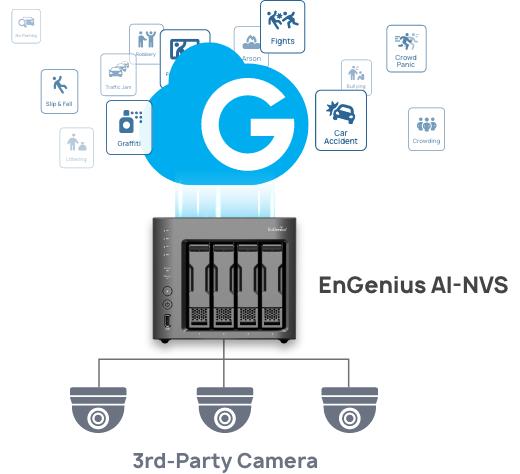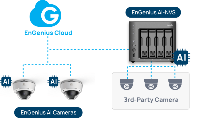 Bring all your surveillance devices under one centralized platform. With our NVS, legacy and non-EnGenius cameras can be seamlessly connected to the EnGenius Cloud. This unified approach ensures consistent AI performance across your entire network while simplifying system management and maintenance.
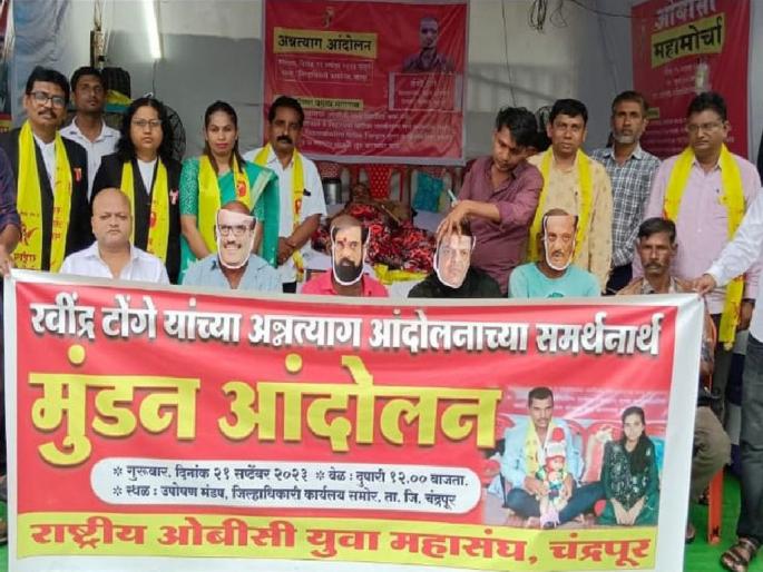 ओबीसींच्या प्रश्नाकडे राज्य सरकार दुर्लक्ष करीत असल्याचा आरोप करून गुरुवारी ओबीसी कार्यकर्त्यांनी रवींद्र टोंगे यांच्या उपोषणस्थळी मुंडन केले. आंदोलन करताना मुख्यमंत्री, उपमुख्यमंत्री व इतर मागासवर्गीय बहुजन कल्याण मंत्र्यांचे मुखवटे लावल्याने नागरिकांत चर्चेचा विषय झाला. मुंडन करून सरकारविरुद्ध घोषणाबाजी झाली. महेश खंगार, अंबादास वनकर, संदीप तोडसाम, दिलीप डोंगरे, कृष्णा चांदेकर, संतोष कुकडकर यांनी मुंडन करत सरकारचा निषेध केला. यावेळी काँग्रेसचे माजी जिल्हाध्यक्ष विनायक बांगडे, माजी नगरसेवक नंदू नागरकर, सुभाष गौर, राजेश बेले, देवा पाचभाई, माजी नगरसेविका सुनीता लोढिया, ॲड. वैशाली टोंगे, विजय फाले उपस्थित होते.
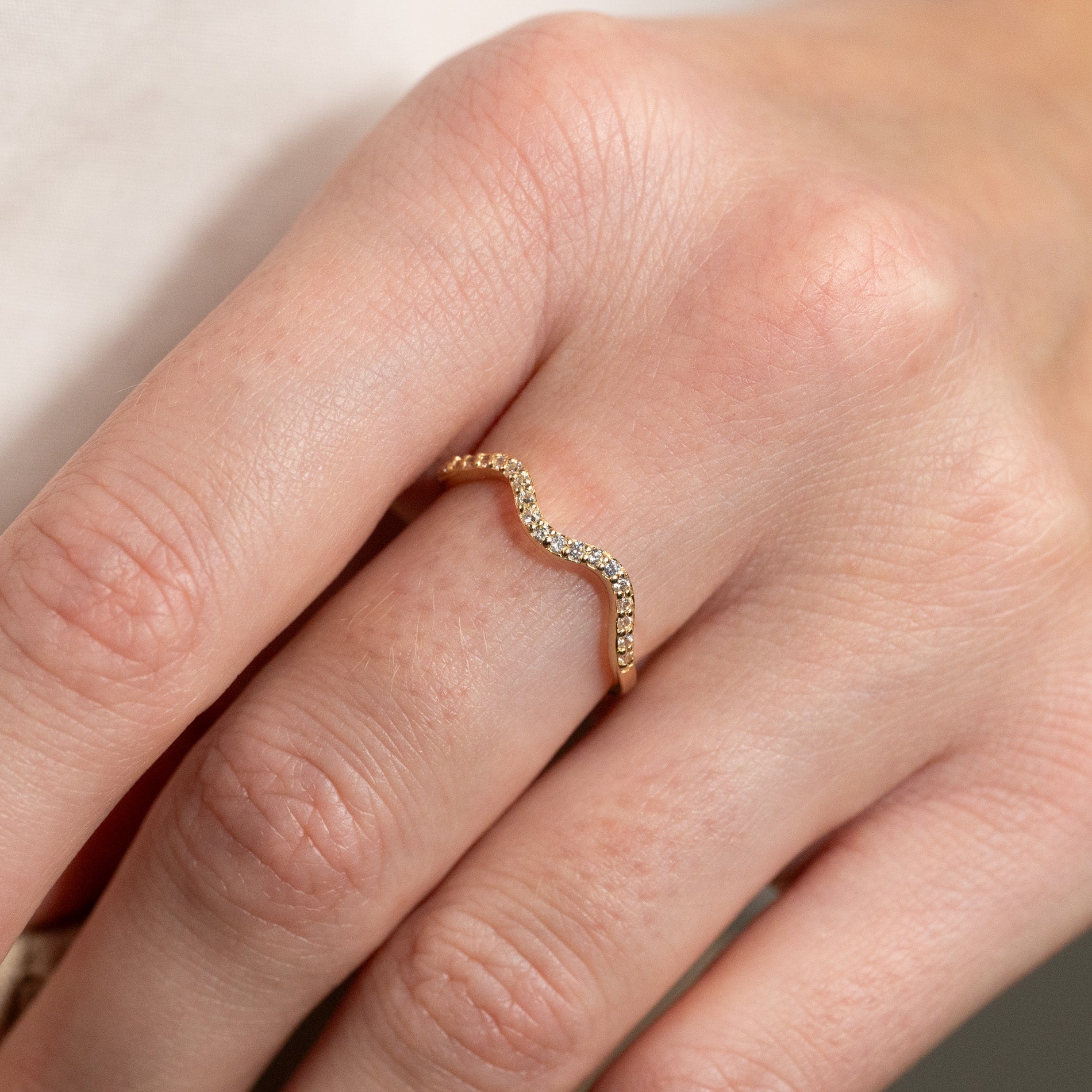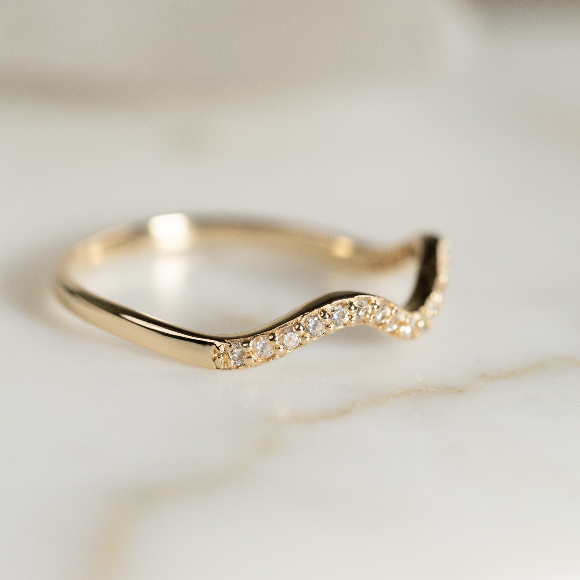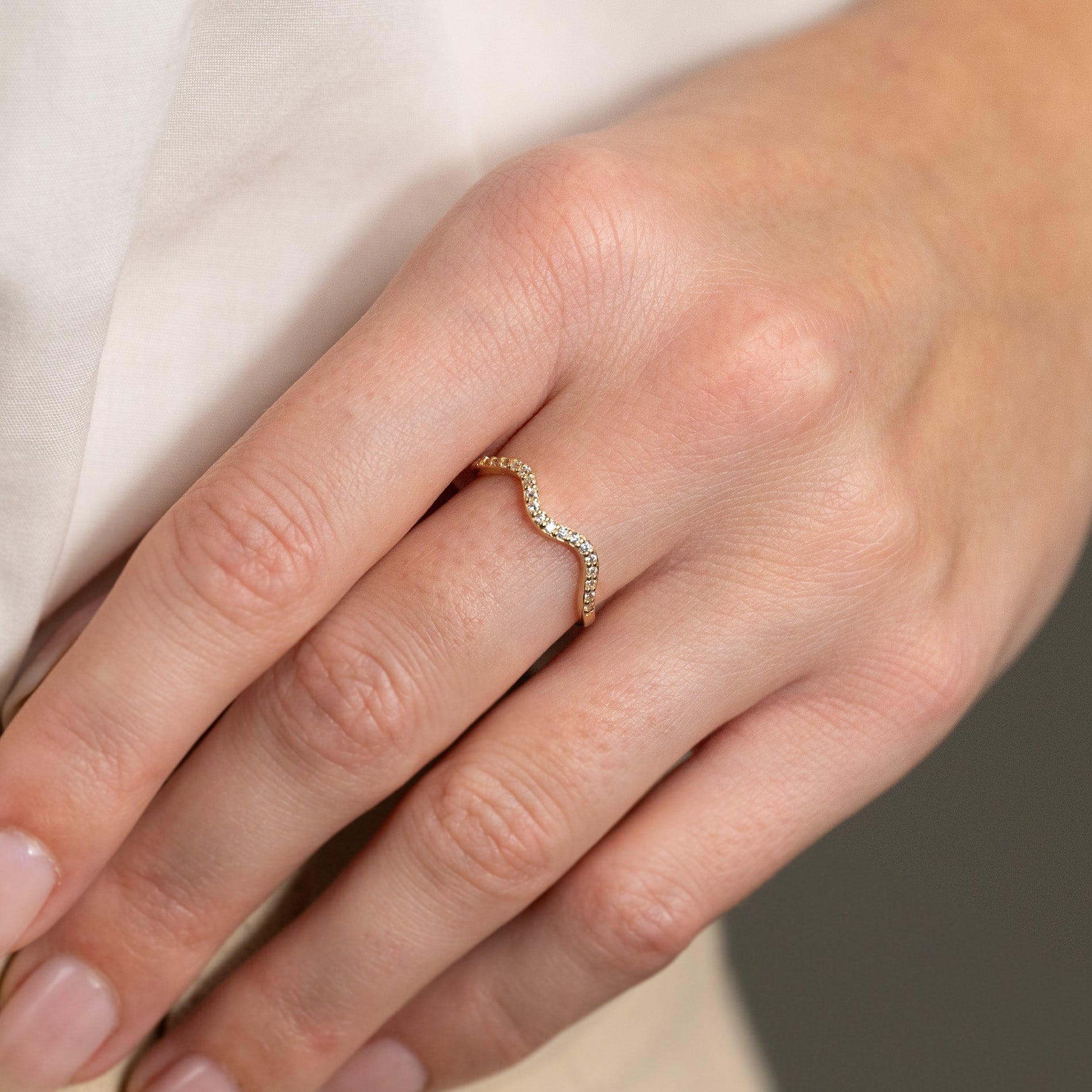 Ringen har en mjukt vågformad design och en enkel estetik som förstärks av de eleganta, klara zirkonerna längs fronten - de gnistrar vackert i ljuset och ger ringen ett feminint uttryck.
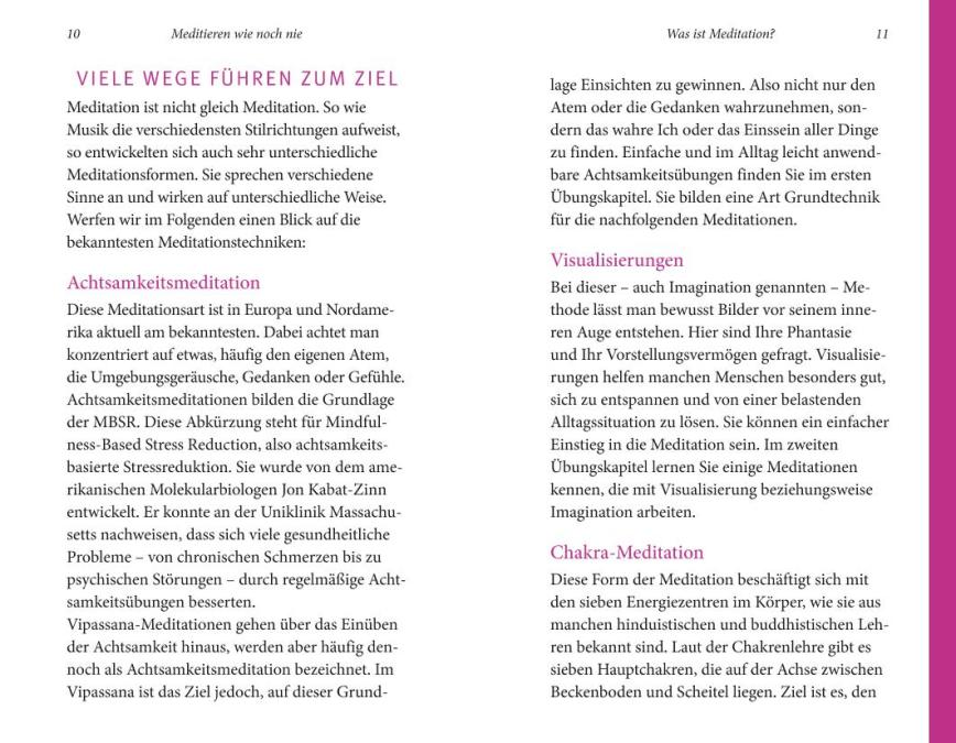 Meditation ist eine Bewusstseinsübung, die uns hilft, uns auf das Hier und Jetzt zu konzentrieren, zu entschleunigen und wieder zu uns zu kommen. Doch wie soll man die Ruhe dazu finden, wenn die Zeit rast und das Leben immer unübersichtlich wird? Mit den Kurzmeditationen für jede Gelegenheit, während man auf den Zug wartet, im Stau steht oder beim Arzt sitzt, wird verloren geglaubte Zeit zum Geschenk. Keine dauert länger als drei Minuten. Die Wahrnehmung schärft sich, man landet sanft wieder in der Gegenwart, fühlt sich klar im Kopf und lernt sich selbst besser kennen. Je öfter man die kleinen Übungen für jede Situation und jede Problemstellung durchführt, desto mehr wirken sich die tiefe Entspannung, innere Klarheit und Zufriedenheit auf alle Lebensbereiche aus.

» **Work instruction**:
From the line with "ओबीसींच्या प्रश्नाकडे राज्य" through the final line of the data above, copy everything exactly, both ends included, but not the pictures.

» **Answer to this task**:
 ओबीसींच्या प्रश्नाकडे राज्य सरकार दुर्लक्ष करीत असल्याचा आरोप करून गुरुवारी ओबीसी कार्यकर्त्यांनी रवींद्र टोंगे यांच्या उपोषणस्थळी मुंडन केले. आंदोलन करताना मुख्यमंत्री, उपमुख्यमंत्री व इतर मागासवर्गीय बहुजन कल्याण मंत्र्यांचे मुखवटे लावल्याने नागरिकांत चर्चेचा विषय झाला. मुंडन करून सरकारविरुद्ध घोषणाबाजी झाली. महेश खंगार, अंबादास वनकर, संदीप तोडसाम, दिलीप डोंगरे, कृष्णा चांदेकर, संतोष कुकडकर यांनी मुंडन करत सरकारचा निषेध केला. यावेळी काँग्रेसचे माजी जिल्हाध्यक्ष विनायक बांगडे, माजी नगरसेवक नंदू नागरकर, सुभाष गौर, राजेश बेले, देवा पाचभाई, माजी नगरसेविका सुनीता लोढिया, ॲड. वैशाली टोंगे, विजय फाले उपस्थित होते.
 Ringen har en mjukt vågformad design och en enkel estetik som förstärks av de eleganta, klara zirkonerna längs fronten - de gnistrar vackert i ljuset och ger ringen ett feminint uttryck.
 Meditation ist eine Bewusstseinsübung, die uns hilft, uns auf das Hier und Jetzt zu konzentrieren, zu entschleunigen und wieder zu uns zu kommen. Doch wie soll man die Ruhe dazu finden, wenn die Zeit rast und das Leben immer unübersichtlich wird? Mit den Kurzmeditationen für jede Gelegenheit, während man auf den Zug wartet, im Stau steht oder beim Arzt sitzt, wird verloren geglaubte Zeit zum Geschenk. Keine dauert länger als drei Minuten. Die Wahrnehmung schärft sich, man landet sanft wieder in der Gegenwart, fühlt sich klar im Kopf und lernt sich selbst besser kennen. Je öfter man die kleinen Übungen für jede Situation und jede Problemstellung durchführt, desto mehr wirken sich die tiefe Entspannung, innere Klarheit und Zufriedenheit auf alle Lebensbereiche aus.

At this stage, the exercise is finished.